To find a Penny on the street
- Molly Godat
- Sep 26, 2017
- 2 min read
Though the streets of New Orleans are admittedly tough, Penny maintained that becoming and remaining homeless was a personal decision.
The January day was warm even for New Orleans’s standards when I happened upon her street corner right outside Jackson square. At first glance, she seemed like any other homeless women: long blonde dreadlocks thrown over a shoulder, bags nestled behind her and a cardboard sign leaning against her crossed legs. It wasn’t until I drew closer that I read the sign’s message, “Home(less)-made Jewelry.”

She peaked my curiosity with just her unconventional cardboard sign, but I soon learned her curiosity-peaking abilities extended further than curbside jewelry.
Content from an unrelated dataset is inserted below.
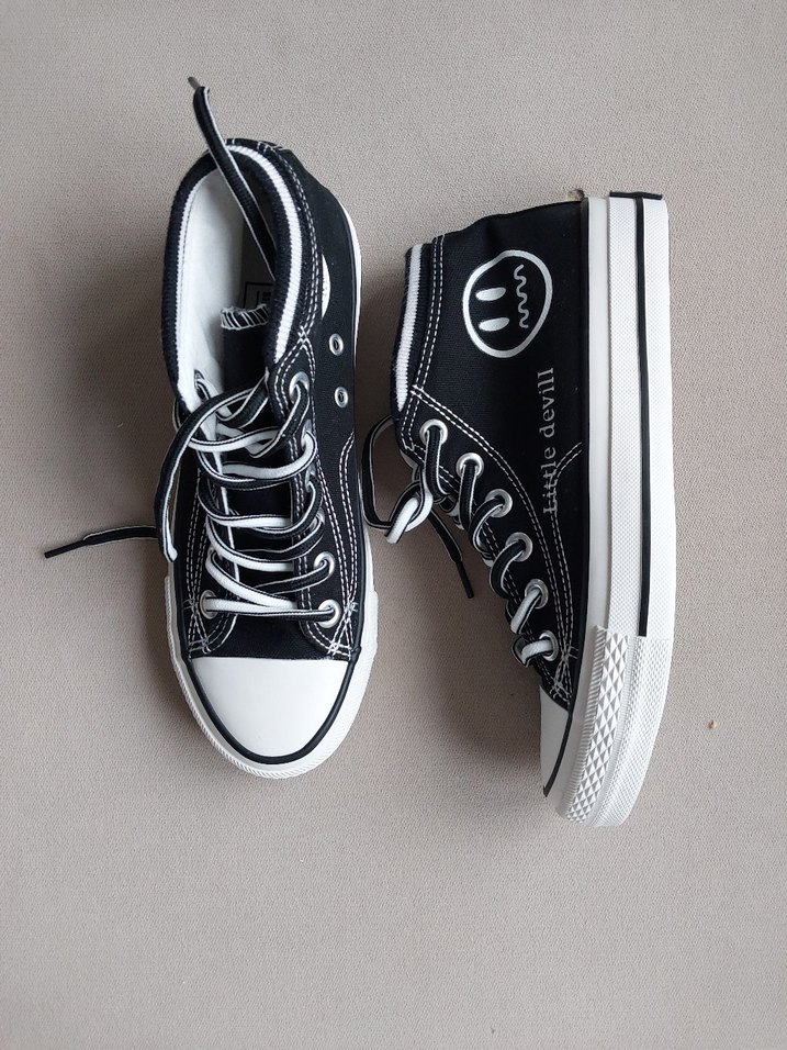 Baskılı detaylara ve stiletto topuğa sahip siyah sokak modası spor ayakkabı. Kauçuk tabanlı ve kolay kullanım için cırt cırtlı, günlük kullanım için uygun.

The woman sat cross legged behind a tackle box that was overflowing with beads as her hands worked gingerly with a small length of wire. Her dog was groomed neatly, her clothes were worn but not ragged, and her smell was not offensive but rather surprising.
She looked up at me as I approached. Neither of us deigned to speak first, so her wiry hands gestured to the sidewalk in front of her in an invitation.
I accepted hesitantly; the sidewalks in the Big Easy aren’t known for their cleanliness. In fact, the feeling of disgust at the cool concrete beneath my thighs didn’t leave until after Penny had swept me into her story.
She had moved to New Orleans 20 years before. Back then she was fresh out of medical school, ready to get a start as a general surgeon in the Tulane Medical Center. New Orleans had drawn her in with its rich history, easy going nature, and surplus of surgery positions.
Penny told me that the stress of working with illness and death had built up more quickly than anticipated; she had come to New Orleans for its atmosphere and found herself wound too tightly in its crime and poverty.
“Crime and poverty are addictive in their own way,” Penny confessed to me as she fitted a purple bracelet around my wrist with gentle and callused fingers. “It revolts you, and yet it calls you as well.”
To escape from her denial of death, she decided to immerse herself in it instead. She stayed at Tulane for 10 years before stacking up her money in a local bank and taking to the streets; she had called this busy street corner home ever since.
“I help people more out here on the street than I ever did in Tulane…I give them stories and happiness and encouragement. That’s all we really need for life.”